Now the issue of termination of unwanted pregnancy will be decided at the level of legislation of each state.

This could lead to an actual abortion ban in the conservative states of the South and Midwest.

In 1973, the U.S. Supreme Court ruled on the lawsuit of patient

Norma McCorvy,

who acted under the pseudonym

Jane Rowe,

who insisted on the right to terminate the pregnancy.

McCarvy already had two children, a third pregnancy was unwanted, but under Texas law, abortion was allowed only in the event of a direct threat to the mother's life.

The court then ruled that women in all U.S. states in the first trimester of pregnancy are entitled to an abortion for whatever reason.

Today, the court overturned its nearly 50-year-old verdict and said abortion issues would again be governed by state-specific laws.

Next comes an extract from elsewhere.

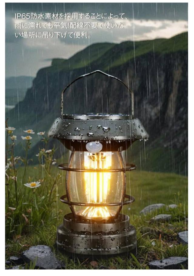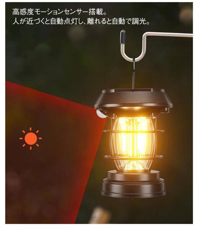 | 人感センサー付きソーラーライト。 太陽光パネル/USBから充電が可能。 高効率ソーラーパネル搭載。昼間に自動充電し、夜間に点灯。省エネで配線不要。 ソーラーパネル、ライト本体、バッテリーが一体化したシンプルなデザイン。取り付け簡単で様々な場所に適用可能。 高感度モーションセンサー搭載。人が近づくと自動点灯し、離れると自動で調光。 IP65防水素材を採用することによって、雨に濡れても平気!配線不要で使いたい場所に吊り下げて便利。 玄関や家の周りに明るい照明効果を提供だけではなく、停電、地震、台風など災害時に非常灯としても使えます | |

The Guttmacher Institute for Reproductive Health estimates that at least 26 U.S. states, especially the traditionally conservative states of the South and Midwest, may soon decide to ban abortions altogether or almost completely.

This could lead to an increase in the number of clandestine abortions, related deaths and serious consequences for women's health, "abortion tourism", as well as an increase in the number of infanticides and rejections of newborns.

  • Since 1994, the United States has become only the fourth country to restrict women's right to self-determination to terminate a pregnancy.

    Before them, Poland, Nicaragua and El Salvador did it.

  • Meanwhile, the German Bundestag on June 24 repealed a law passed in the era of National Socialism, which forbade doctors and clinics to openly mention that they perform abortions.

    According to current regulations, doctors could perform this procedure, but were not allowed to mention it in the advertisement or in the price list, as well as to give patients any additional information about the methods and risks of abortion.

    Now German doctors will be able to talk about abortion as openly as about any other medical service.